Learning Strengths and Preferences

school for the animalsAn old story tells of the creation of a school for the animals. In this school, everybody took the same four courses: flying, swimming, climbing, and running. Among the students were a duck, a flying squirrel, a fox, and an elephant. These four were highly motivated, and wanted to get good grades, so they all tried very hard.

The duck did fantastically well in swimming and flying, but he lagged behind his classmates in climbing and running, so focused special attention on those two subjects. However, his feet became so sore from trying to run and his wings were so bedraggled from trying to climb that by the end of the year he not only failed both those subjects, but made C’s in swimming and flying, which had once been his two best subjects.

At the beginning of the school year, the squirrel was first in his class in climbing and running and was second only to the duck at flying. But as the months wore on, he missed so much school from catching pneumonia in his swimming class that he failed everything.

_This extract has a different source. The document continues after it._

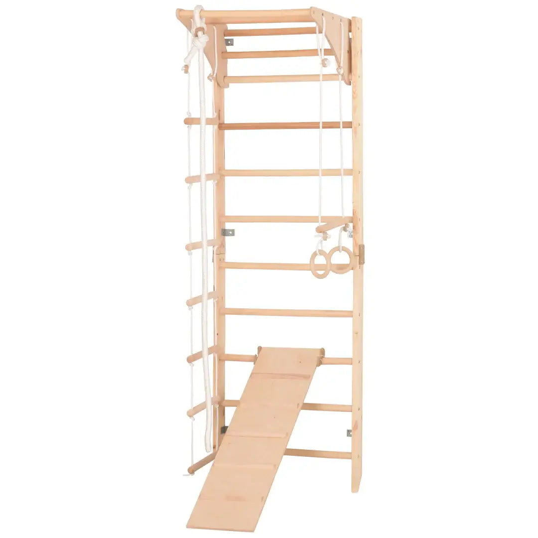 Hinweis: Dieses Produkt ist speziell für körperliche Aktivität entwickelt und kein Spielzeug im Sinne der Richtlinie 2009/48/EG. Das Gerät erfüllt die Anforderungen der europäischen Norm EN 913 für Sportgeräte im privaten Bereich. Jede Komponente wurde statisch geprüft und auf sichere Belastbarkeit getestet. Eine Wandbefestigung wird ausdrücklich empfohlen.
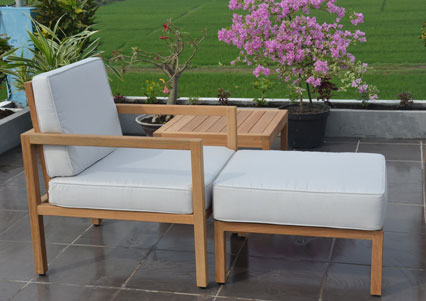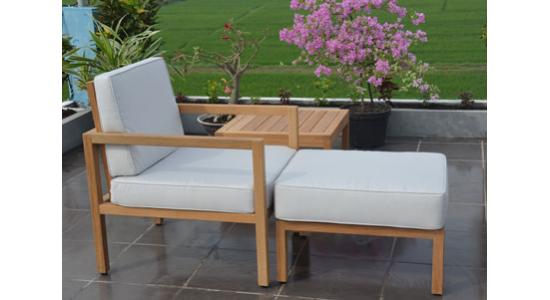 Inicio > Mobiliario > Sillon Descansador Para Exteriores Con Extension Hecho En Madera Con Dos Cojines Blancos

To make matters even worse, because the squirrel constantly squirmed and chattered in class, and had difficulty paying attention, he was diagnosed with a learning disorder. The squirrel eventually was placed in remedial classes and had to be medicated in order to continue with his school work.

The fox was a natural in his running class and scored well in climbing and swimming, but became so frustrated at his inability to get good grades in flying that he began assaulting his classmates. He even tried to eat the duck. His behavior was so disruptive he was expelled from school. He fell in with a rough crowd and eventually wound up in a center for animal delinquents.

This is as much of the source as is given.